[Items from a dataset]
________________

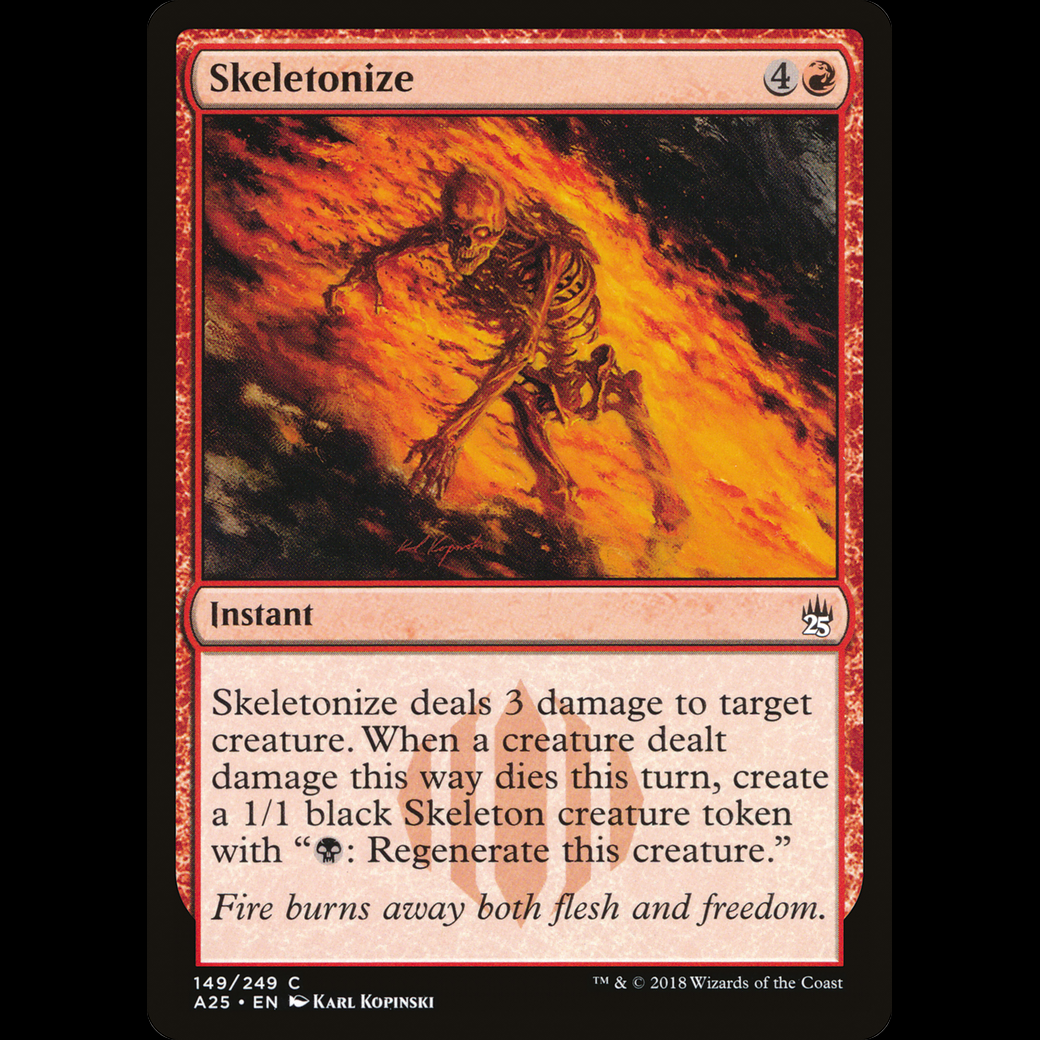 Skeletonize deals 3 damage to target creature. When a creature dealt damage this way dies this turn, create a 1/1 black Skeleton creature token with ": Regenerate this creature."
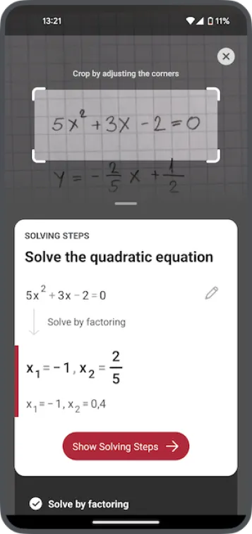 Şekil 2. İkinci dereceden bir denklemi çözmek için Photomath uygulamasını kullanma örneği.
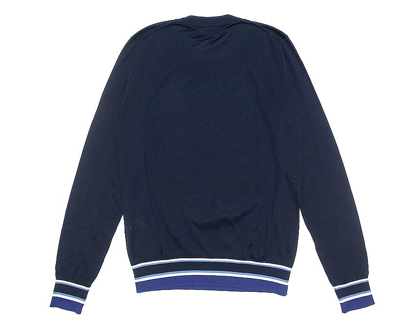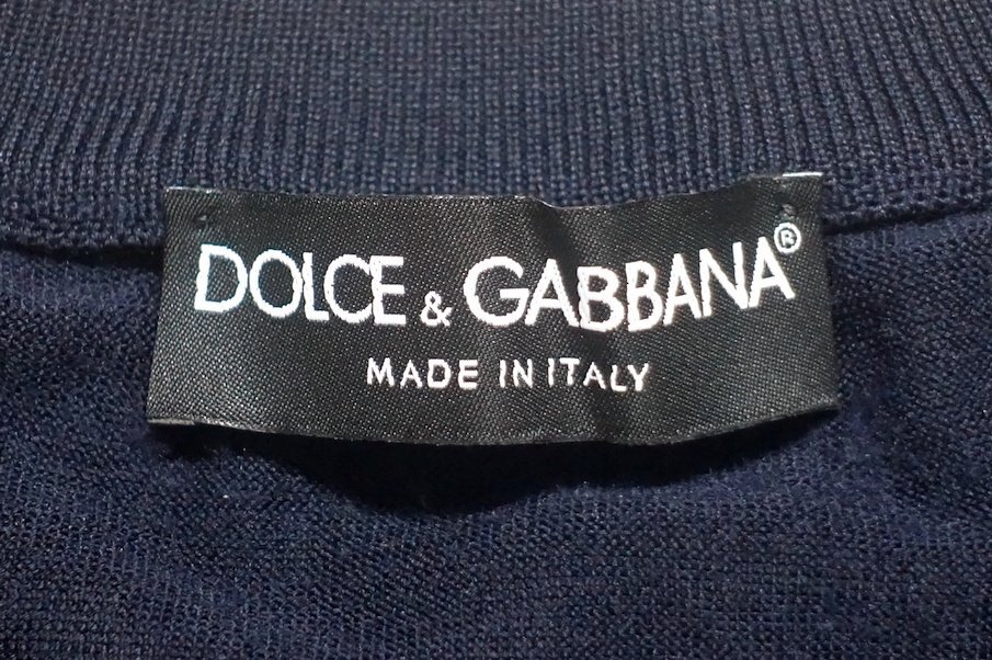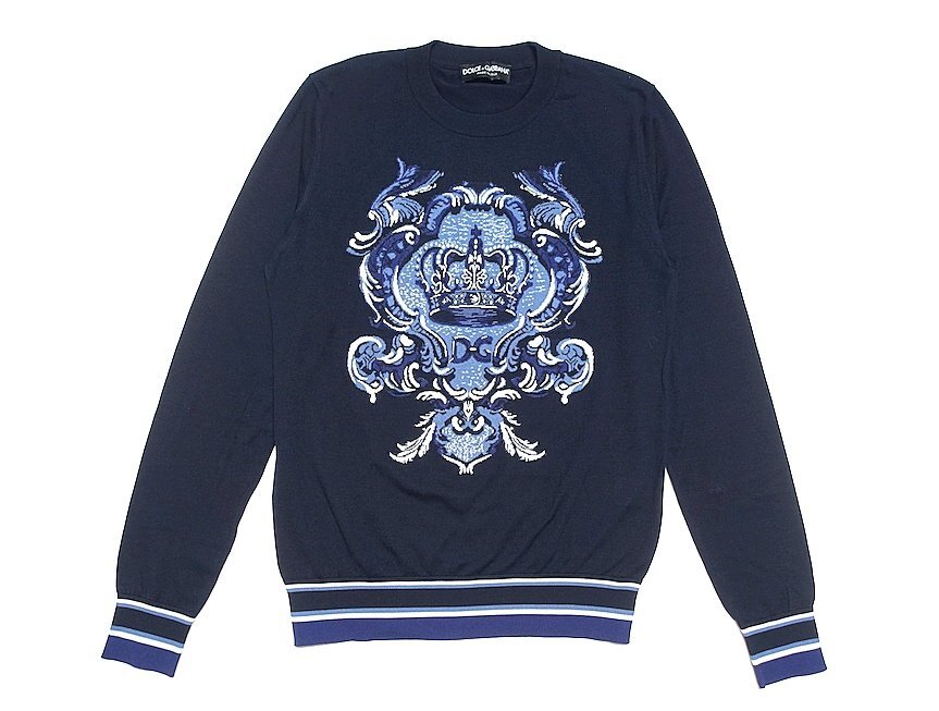 極美品 DOLCE & GABBANA ドルガバ クラウン & マヨルカ エンブロイダリー シルク ニット セーター ダークネイビー シルク100% メンズ 44
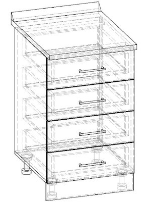 Пенал однодверный 4 ящика 600 КП.002.600-02
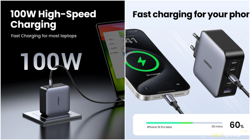 Зарядное устройство UGREEN 100 Вт подходит как для ноутбуков, включая Macbook Air, так и для планшетов и разных смартфонов (заявлена полная совместимость с iPhone 16/15/14 Pro).
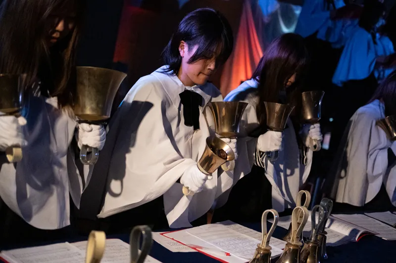 教会という荘厳な雰囲気の中、イエス・キリストの降誕物語を歌とハンドベルなどの演奏で彩りました。

________________

Each line from the top of the records through the one containing "Пенал однодверный 4 ящика 600 КП.002.600-02" needs to be transcribed exactly, without pictures.

 Skeletonize deals 3 damage to target creature. When a creature dealt damage this way dies this turn, create a 1/1 black Skeleton creature token with ": Regenerate this creature."
 Şekil 2. İkinci dereceden bir denklemi çözmek için Photomath uygulamasını kullanma örneği.
 極美品 DOLCE & GABBANA ドルガバ クラウン & マヨルカ エンブロイダリー シルク ニット セーター ダークネイビー シルク100% メンズ 44
 Пенал однодверный 4 ящика 600 КП.002.600-02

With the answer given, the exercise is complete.